_Directions_
If pictures are present, leave them out, and copy the data word for word.
************
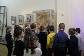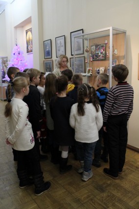Старший научный сотрудник Пудовкина Наталия Валерьевна познакомила детей с выставкой «Новогодний калейдоскоп» в галерее 3 этажа, где рассказала о истории праздника Рождества и какие были первые елочные игрушки. Дети узнали, как изменялись игрушки для елок с годами, из какого материала их делали. Ребята, рассматривая выставку, поделились своими впечатлениями и о поздравительных открытках, которые появились в XIX веке и как сегодня дети поздравляют своих родных и близких.
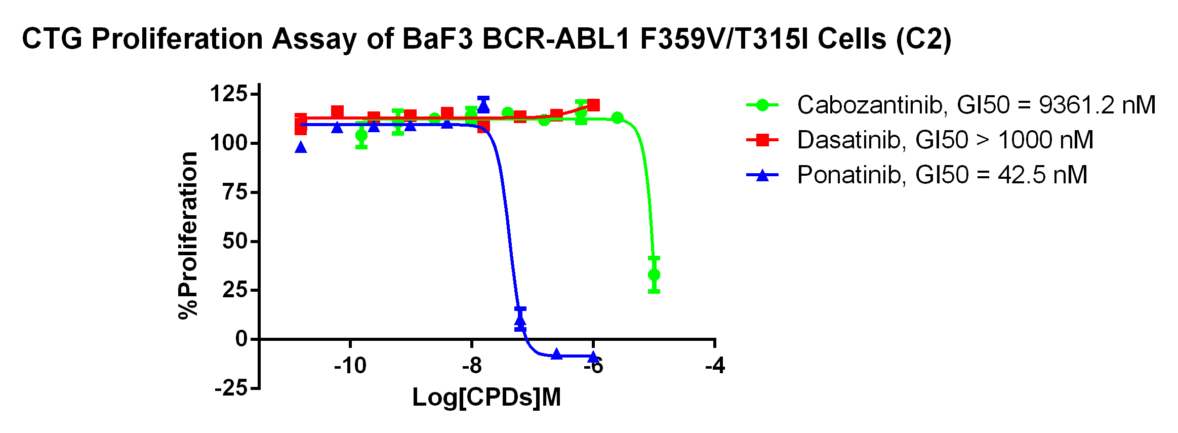 3. Anti-proliferation assay Figure 5. CTG Proliferation Assay of BaF3 BCR-ABL1 F359V/T315I Cells (C2). |
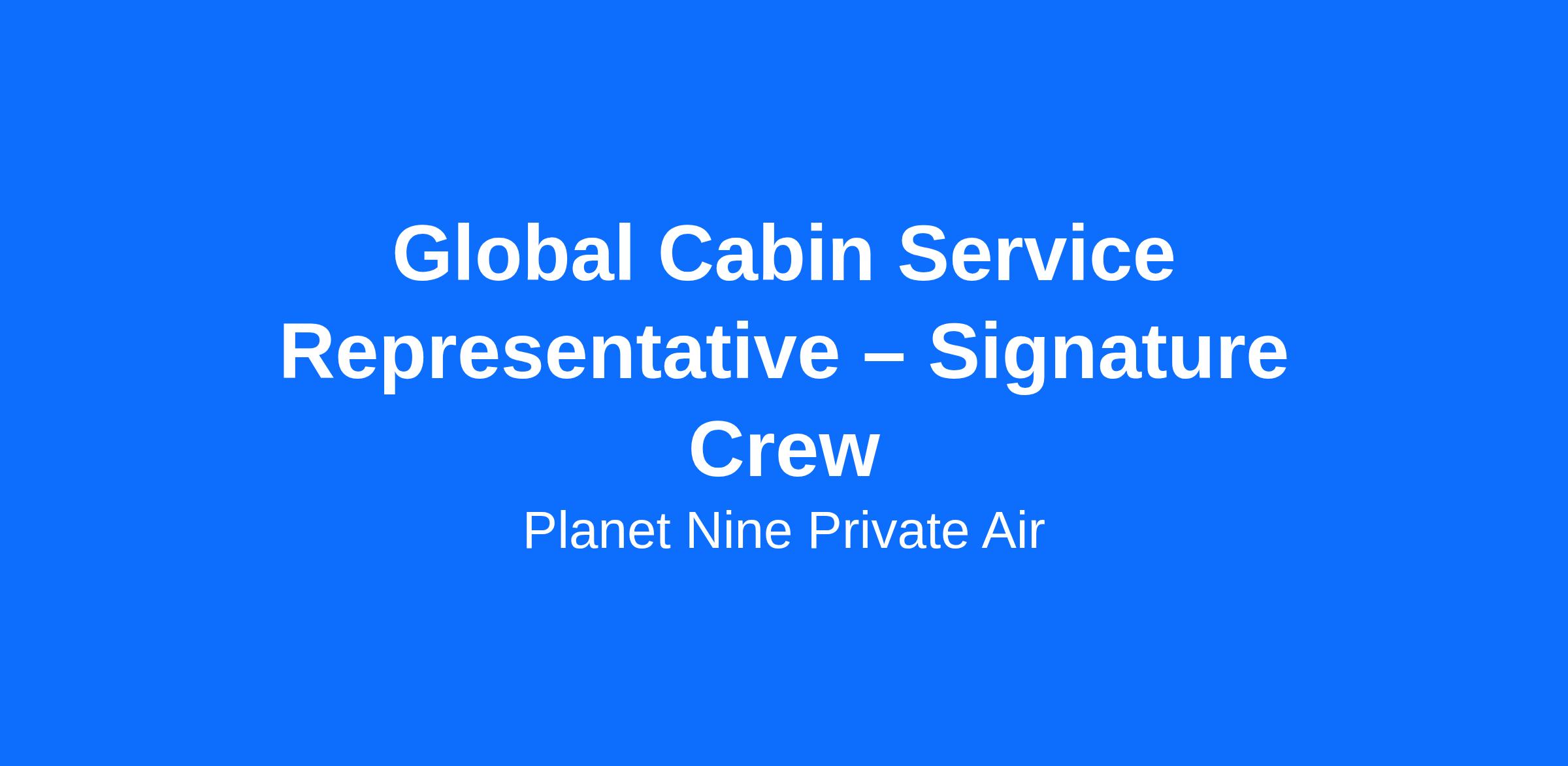 Job Title | Global Cabin Service Representative – Signature Crew |
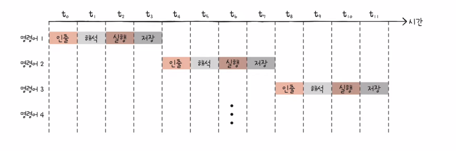 이렇게 명령어를 동시에 겹치지 않고 병렬로 처리하는 것을 명령어 파이프 라인이라고 한다.
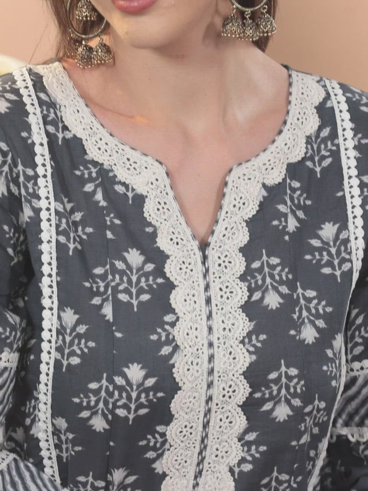 Our 3-piece grey cotton suit set highlighted by a floral print features an A-line kurta with a notched neckline, three-quarter sleeves, straight pants with a partially elasticated waistband, and a dupatta in chevron print with tassels. Adorned with delicate lace-trim accents, this style is perfect for work and beyond.
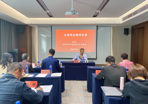 4月26日,民革天津市委會副主委耿延候為民革天津津南區(qū)工委黨員作全國兩會精神宣講。區(qū)工委主委王斌主持會議。
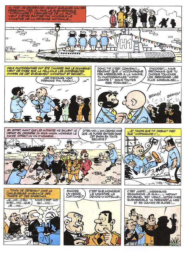 Ne tirez pas sur « Hippocampe » ! Et pour cause, comme le clame le titre de cette deuxième aventure, Tif est coincé à l’intérieur, aux mains d’une bande de terroristes qui se sont emparés de ce sous-marin. Tondu arrivera-t-il à sortir son alter ego des griffes des malfrats ?
************
_Exercise answer_
Старший научный сотрудник Пудовкина Наталия Валерьевна познакомила детей с выставкой «Новогодний калейдоскоп» в галерее 3 этажа, где рассказала о истории праздника Рождества и какие были первые елочные игрушки. Дети узнали, как изменялись игрушки для елок с годами, из какого материала их делали. Ребята, рассматривая выставку, поделились своими впечатлениями и о поздравительных открытках, которые появились в XIX веке и как сегодня дети поздравляют своих родных и близких.
 3. Anti-proliferation assay Figure 5. CTG Proliferation Assay of BaF3 BCR-ABL1 F359V/T315I Cells (C2). |
 Job Title | Global Cabin Service Representative – Signature Crew |
 이렇게 명령어를 동시에 겹치지 않고 병렬로 처리하는 것을 명령어 파이프 라인이라고 한다.
 Our 3-piece grey cotton suit set highlighted by a floral print features an A-line kurta with a notched neckline, three-quarter sleeves, straight pants with a partially elasticated waistband, and a dupatta in chevron print with tassels. Adorned with delicate lace-trim accents, this style is perfect for work and beyond.
 4月26日,民革天津市委會副主委耿延候為民革天津津南區(qū)工委黨員作全國兩會精神宣講。區(qū)工委主委王斌主持會議。
 Ne tirez pas sur « Hippocampe » ! Et pour cause, comme le clame le titre de cette deuxième aventure, Tif est coincé à l’intérieur, aux mains d’une bande de terroristes qui se sont emparés de ce sous-marin. Tondu arrivera-t-il à sortir son alter ego des griffes des malfrats ?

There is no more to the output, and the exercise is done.